Data mining consists of five major elements

• Extract, transform, and load transaction data onto the data warehouse system.

• Store and manage the data in a multidimensional database system.

• Provide data access to business analysts and information technology professionals.

• Analyze the data by application software.

• Present the data in a useful format, such as a graph or table.

DIFFERENT LEVELS OF ANALYSIS

Artificial neural networks: Non-linear predictive models that learn through training and resemble biological neural networks in structure.

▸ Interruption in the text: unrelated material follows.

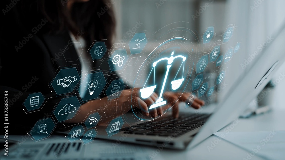 Fototapeta na wymiar - Artificial intelligence enhances legal systems through automation, AI decision support, and legal analytics. Legal system and justice AI transform operations. Marrow.

Genetic algorithms: Optimization techniques that use process such as genetic combination, mutation, and natural selection in a design based on the concepts of natural evolution.

Decision trees: Tree-shaped structures that represent sets of decisions. So these decisions generate rules for the classification of a dataset. The Specific decision tree methods include Classification and Regression Trees (CART) and Chi Square Automatic Interaction Detection (CHAID). The CART and CHAID are decision tree techniques used for classification of a dataset.

Nearest neighbor method: A technique that classifies each record in a dataset based on a combination of the classes of the k record(s) most similar to it in a historical dataset.

Rule induction: The extraction of useful if-then rules from data based on statistical significance.

Data visualization: The visual interpretation of complex relationships in multidimensional data. Graphics tools are used to illustrate data relationships.

DATAMINING ALGORITHMS

C4.5 and beyond: Systems that construct classifiers are one of the commonly used tools in data mining [8]. Such Systems take as input a collection of cases, each belonging to one of a small number of Classes and described by its values for a fixed set of attributes, and output a classifier that can accurately predict the class to which a new case belongs.

The k-means algorithm: The k-means algorithm is a simple iterative method to partition a given dataset into a user specified Number of clusters, k. this algorithm has been discovered by several researchers across different disciplines. The algorithm operates on a set of _d-dimensional vectors, D = {xi| i = 1 . . . N}, where xi _d denotes the i^th data point. The algorithm is initialized by picking k points in _d as the initial k cluster representatives or “centroids”.

Step 1: Data Assignment. Each data point is assigned to its closest centroid, with ties Broken arbitrarily. This results in a partitioning of the data.

Step 2: Relocation of “means”. Each cluster representative is relocated to the center (Mean) of all data points assigned to it.

Support vector machines: The machine learning applications, Support Vector Machines (SVM) are considered A must try—it offers one of the most robust and accurate methods among all well-known Algorithms. Therefore it has a sound theoretical foundation, requires only a dozen examples for training, and is insensitive to the number of dimensions.

The Apriori algorithm: One of the most popular data mining approaches is to find frequent item sets from a transaction Dataset and derive association rules. Therefore Finding frequent item sets is not trivial because of its combinatorial explosion.

The EM algorithm; Finite mixture distributions provide a flexible and mathematical-based approach to the modeling and clustering of data observed on random phenomena. Therefore we focus here on the use of Normal mixture models, which can be used to cluster continuous data and to estimate the Underlying density function.

PageRank: The most popular Page Ranking algorithm issued by Google search engine. The algorithm assigns ranks for each hyperlink on the web. Based on this algorithm, they built the search engine Google, which has been a huge success. Nowadays every search engine has its own hyperlink based ranking method.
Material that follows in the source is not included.